Sedimentary Rocks Facts

Sedimentary Rocks Facts
Rocks on Earth are often broken down by the process of weathering. These broken particles, called sediments, are carried away by streams and rivers. When these particles collect and become compacted together over time, they stick together and form a larger structure. These larger structures are referred to as sedimentary rocks.
Interesting Sedimentary Rocks Facts:
Sedimentary rocks are extremely important resources that give us clues about the Earth's past.
Sedimentary rock has layers of sediments that are arranged according to their density.
Compaction is the process by which sediments form sedimentary rock.
Cementation is the process of minerals dissolving and then holding the particles together in a sedimentary rock.
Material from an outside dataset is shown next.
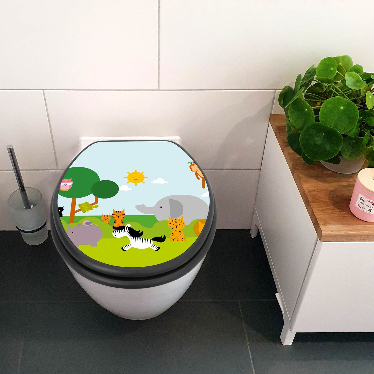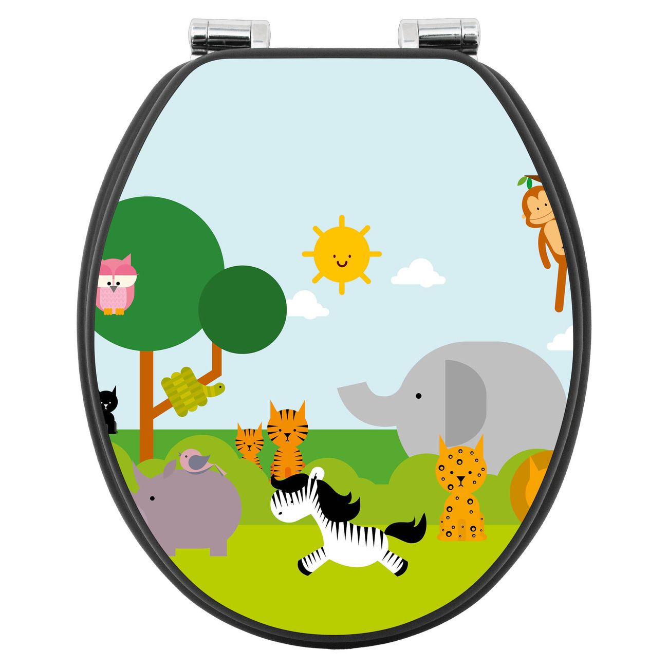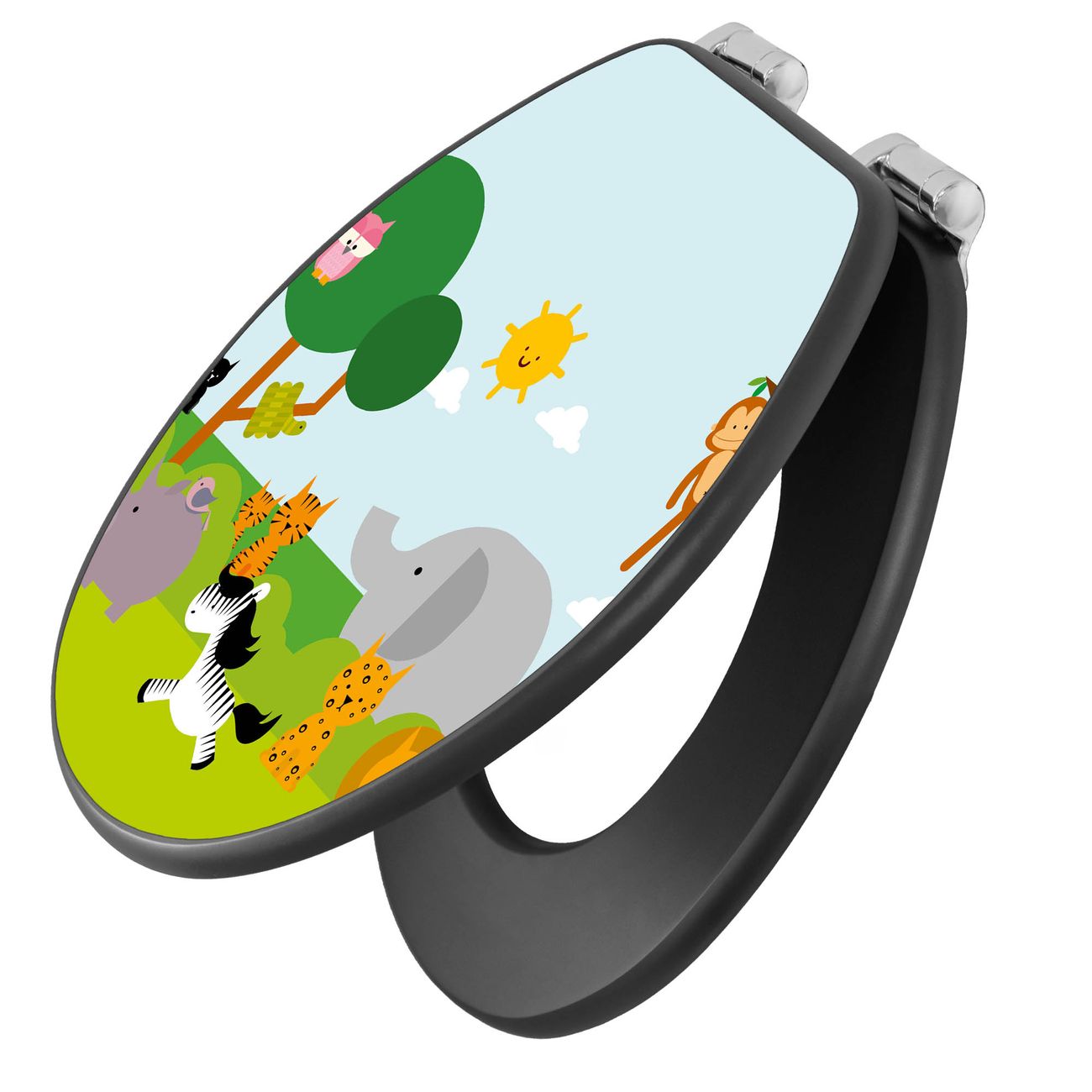 WC Sitz Anthrazit mit Absenkautomatik Motiv Wilde Tiere

The process by which sediments harden to form sedimentary rock is called lithification.
Fossils of organisms become buried over time and are often found in sedimentary rock.
Sedimentary rocks are divided among three different groups based on their composition and texture.
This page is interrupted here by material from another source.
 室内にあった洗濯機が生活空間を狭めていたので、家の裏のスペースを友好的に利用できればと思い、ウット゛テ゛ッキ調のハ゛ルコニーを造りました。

Classic sedimentary rock forms when older rocks break down and become compacted together.
Examples of classic sedimentary rock include sand-stone and breccia.
Sand-stone is a sedimentary rock that has been used to make housewares since prehistoric times.
Organic sedimentary rock has a high amount of organic material and can be used as a source of petroleum and tar.
Examples of organic sedimentary rock include limestone and coal.
Chemical sedimentary rock forms when minerals come out of a solution and crystallize.
The majority of chemical sedimentary rock comes from minerals left behind by evaporated water.
An example of chemical sedimentary rock includes halite which is also known as table salt.